Problem description -
Pictures must not appear in the copy. Set down exactly the line with "Carnelian Essential Necklace" and each line after it through the end of the data below.

Listed records -
··········
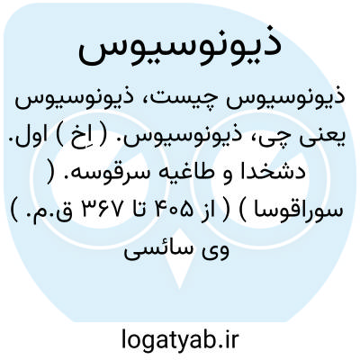ذیونوسیوس. ( اِخ ) جوان یا دویم. پسر ذیونوسیوس اول و جانشین او ( 368 ق.م. ) وی را در 358 از سرقوسه براندند. و او پس از دهسال غیبت بازگشت لکن تیمولئون بار دیگر او را تبعید کرد ( 343ق.م. ) و وی بقرنتس رفت. و در آنجا به معلمی کودکان عمر خود بپایان رسانید.
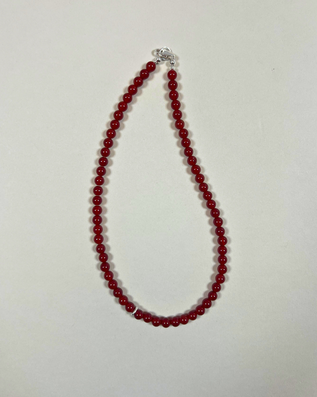Carnelian Essential Necklace featuring 6 mm bright red carnelian beads with a single fine silver stud bead accent. All findings and clasp are sterling silver.
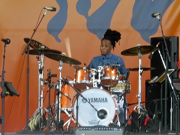 When Laurie veered off across the track to the Jazz and Heritage stage and then Congo Square, I continued on to the Jazz Tent for Terence Blanchard and the E-Collective. This awsome band is performing a hybrid of serious 1970's funk, contemporary R&B, and hard rock that speaks to the social and political turmoil of our time.
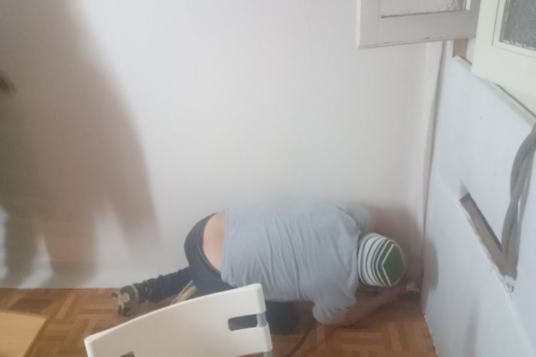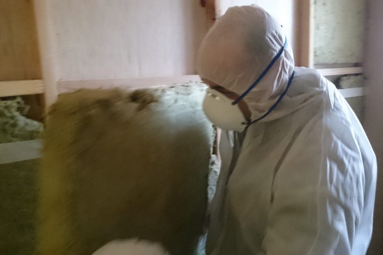 Seguimos con el acondicionamiento del local. Ahora ha sido el turno de colocar el material aislante y acondicionador, la lana de roca. Para esta tarea, y debido a que se desprenden partículas tóxicas, hay que ir provisto de protección especial.
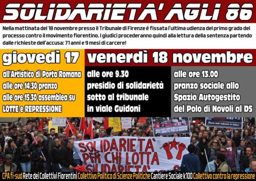 Nella mattinata del 18 novembre al Tribunale di Firenze é fissata l’ultima udienza del primo grado del processo contro il movimento fiorentino. I giudici procederanno quindi alla lettura della sentenza partendo dalle richieste dell’accusa: 71 anni e 9 mesi di carcere!
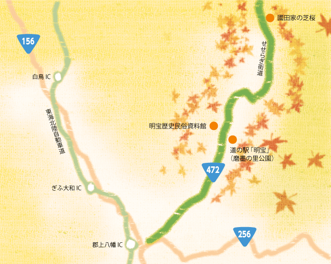 郡上八幡から高山市へ向かう「せせらぎ街道」は、せせらぎの音とともに春は新緑、秋は紅葉が楽しめ、ドライブにうってつけの道路です。有料区間であった飛騨美濃有料道路も平成22年4月から無料化されました。道中にはめいほう高原があり、冬のスキー以外にも自然を満喫できます。イベントが行われる日もあります。スロードライブを美しい風景とともにどうぞお楽しみください。
··········
Reply to the exercise -
Carnelian Essential Necklace featuring 6 mm bright red carnelian beads with a single fine silver stud bead accent. All findings and clasp are sterling silver.
 When Laurie veered off across the track to the Jazz and Heritage stage and then Congo Square, I continued on to the Jazz Tent for Terence Blanchard and the E-Collective. This awsome band is performing a hybrid of serious 1970's funk, contemporary R&B, and hard rock that speaks to the social and political turmoil of our time.
 Seguimos con el acondicionamiento del local. Ahora ha sido el turno de colocar el material aislante y acondicionador, la lana de roca. Para esta tarea, y debido a que se desprenden partículas tóxicas, hay que ir provisto de protección especial.
 Nella mattinata del 18 novembre al Tribunale di Firenze é fissata l’ultima udienza del primo grado del processo contro il movimento fiorentino. I giudici procederanno quindi alla lettura della sentenza partendo dalle richieste dell’accusa: 71 anni e 9 mesi di carcere!
 郡上八幡から高山市へ向かう「せせらぎ街道」は、せせらぎの音とともに春は新緑、秋は紅葉が楽しめ、ドライブにうってつけの道路です。有料区間であった飛騨美濃有料道路も平成22年4月から無料化されました。道中にはめいほう高原があり、冬のスキー以外にも自然を満喫できます。イベントが行われる日もあります。スロードライブを美しい風景とともにどうぞお楽しみください。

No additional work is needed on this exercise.